Ah fim de ano… sempre a mesma coisa, sempre terminando no dia 31 de dezembro. Mas sabe que eu curto ciclos? Pois é, eu gosto mesmo. Acho legal essa ideia de renovar as esperanças quando um ano novo se inicia. Se pensarmos bem, nada de verdade acontece numa simples mudança de calendário, porém, é um símbolo. Ok, réu confesso, eu adoro simbolizar as coisas, procuro até “ensinar” meus clientes a fazerem o mesmo, como marcar as etapas da vida com aquela caneta verde limão, sabe?

O problema é que isso só pode ser feito com o que já ocorreu, nunca com o que vai ocorrer, afinal de contas, pelo que me consta ninguém consegue ler ou prever o futuro. Infelizmente ou felizmente, sei lá. Só que tem como a gente caminhar de acordo com nossas intenções.

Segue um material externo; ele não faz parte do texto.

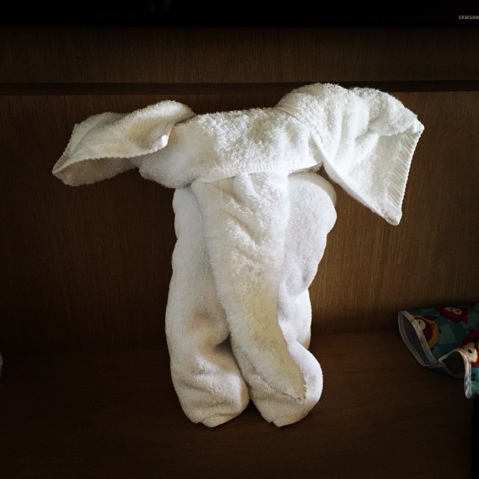 回到客房洗澡的时候遇到了打扫卫生的服务生,是个平头的胖胖的男人。(嘟说“咦,郭德纲在给我们打扫卫生。”)服务生还特别贴心地给每个小朋友都用毛巾叠了小动物。给汤圆叠了大象和兔子。超有爱的。

Tudo bem, nem tudo sairá como queremos, mas podemos sim tentar seguir nosso foco – palavrinha tão na moda. O problema pode surgir e não ser resolvido quando nem foco tivermos. Ou se tivermos muitos, onde certamente alcançar todos os objetivos será impossivel no período de um ano.

Como sempre falo por aqui, entendo que os seres humanos quase sempre gastam energias querendo o que não podem ter. Enfim, não sei se já me fiz entender mesmo falando essas coisas o tempo todo.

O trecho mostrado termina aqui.